If you were anywhere near Charleston on Aug. 21, 2017, chances are you will always remember the exact details about what you did before, during and after the total solar eclipse. It’s just one of those days that stands out from the rest – like your wedding day or the day you welcome a child into the world.
“We knew it was going to be a special day – we just didn’t know how special,” says CofC alumna Kaylee Walters ’08, whose baby girl came a week and a half early, arriving at 1:15 p.m. on Aug. 21, just as the solar eclipse was beginning in the Charleston area. “I had a feeling she’d come early, but I never dreamed she’d come for the day of the eclipse!”
What Walters and her husband Brent Tabor had planned on was for Brent’s parents to come for the day of the eclipse. In fact, they’d come into town from California, and the family had plans to view the event together – a longtime dream for Brent and his father.

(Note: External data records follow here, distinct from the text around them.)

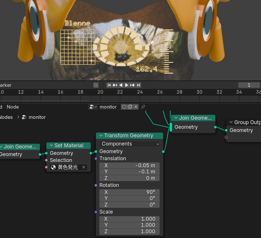 Transform Geometryノードを挟んで位置を調整し、今回の部品は完成です。
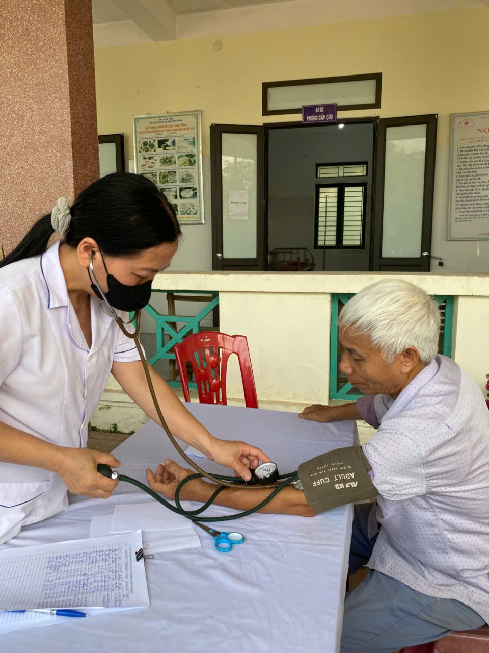 Tại 2 điểm trạm, các y bác sỹ và nhân viên y tế đã khám sàng lọc cho 310 lượt người dân, chủ yếu là người từ 40 tuổi trở lên.
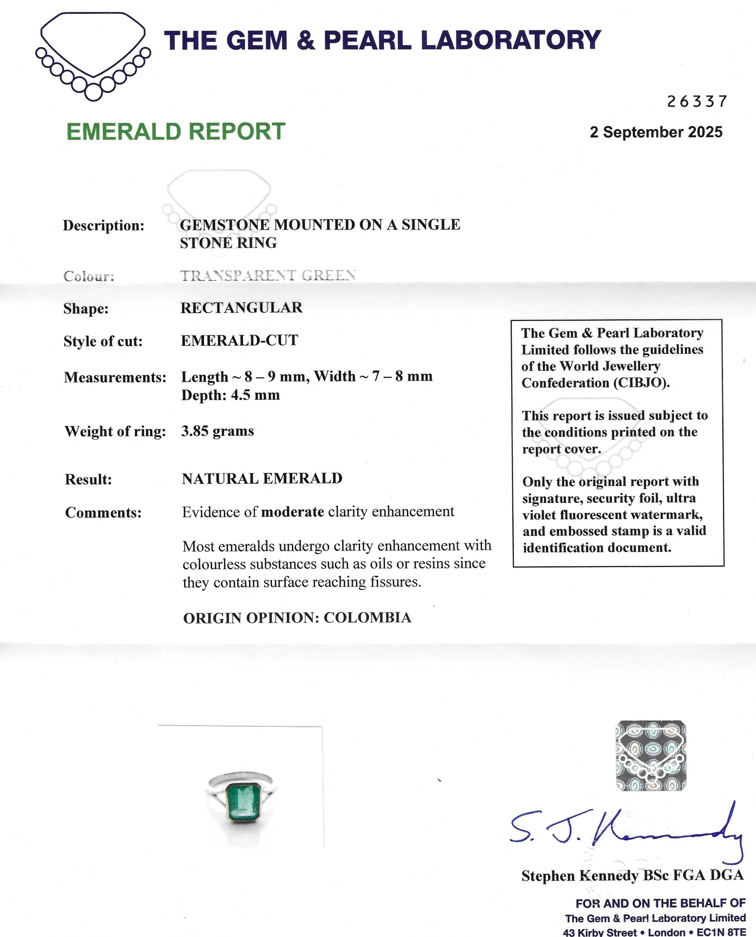 Accompanied by an emerald report from The Gem & Pearl Laboratory stating the emerald shows evidence of moderate clarity enhancement, and is Colombian in origin.
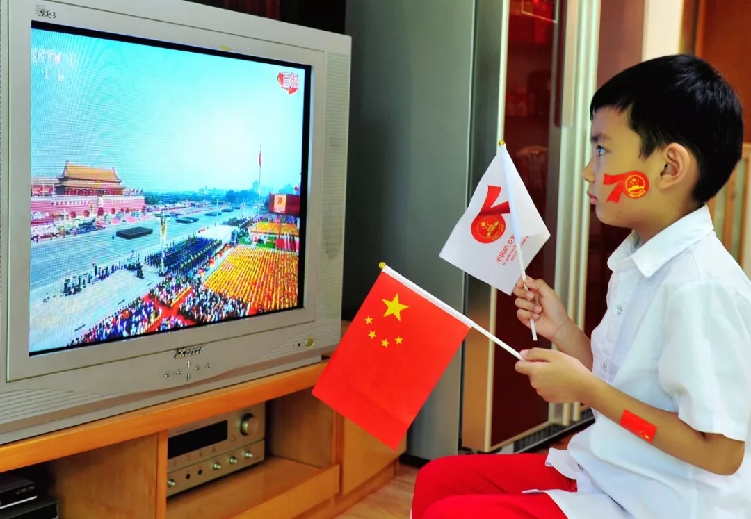 2019年10月1日,福建福州。金山小學二年級六班的小朋友在家中觀看國慶閱兵現場直播。作者:何江江
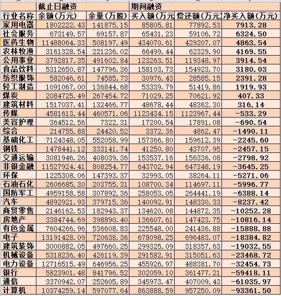 表:5月5日申萬(wàn)一級(jí)行業(yè)兩融交易情況:

“The two of them bad been obsessed with this thing for a while,” laughs Walters, explaining that she and her husband were planning to go to the West Coast for the 2017 solar eclipse until she’d realized she’d be nine months pregnant by then. “Once we decided they’d come to us, I never thought about it again.”
Until 5 a.m. on eclipse day, when she woke up with contractions.
“At first I thought it was really bad timing, but now I realize it was perfect because we had family there,” says Walters, a project manager and creative director at The Design Group in downtown Charleston. “We couldn’t have planned it better – like it was meant to be.
Indeed, it’s as if it were written in the stars that this baby enter the world right at that moment – and that she be named Ayla Paige Tabor. Ayla is Turkish for “halo of light around the moon.”
“We’d known all along that part of it would be Paige – after my friend from the College who passed away – but we couldn’t come up with the other name,” says Walters, adding that they were leaning toward Piper before they knew the baby was coming for the Great American Eclipse.
That’s when they got online for inspiration.
“We wanted to name her something that meant something special to the day, but that wasn’t totally out there like Eclipse or Solar Flare,” laughs Walters, who admits to getting a little frustrated that they hadn’t settled on a name even as they went through the doors of the nearby Roper St. Francis Mount Pleasant Hospital. “My husband kept saying the name would come to us, and – sure enough – he was right!”
Once settled on a meaningful name that fits the family well (they also have a 2-year-old daughter named Avery), the couple could turn its attention to the events unfolding outside the hospital room.
“It was pretty funny to see all the doctors running down the hall with their eclipse glasses,” smiles Walters, who insisted her husband go out to the parking lot to watch while she waited inside. “I had a window, so I could see it going dark. I didn’t get to see the actual eclipse, but it was still really neat.”
It’s definitely one of those days she’ll always remember.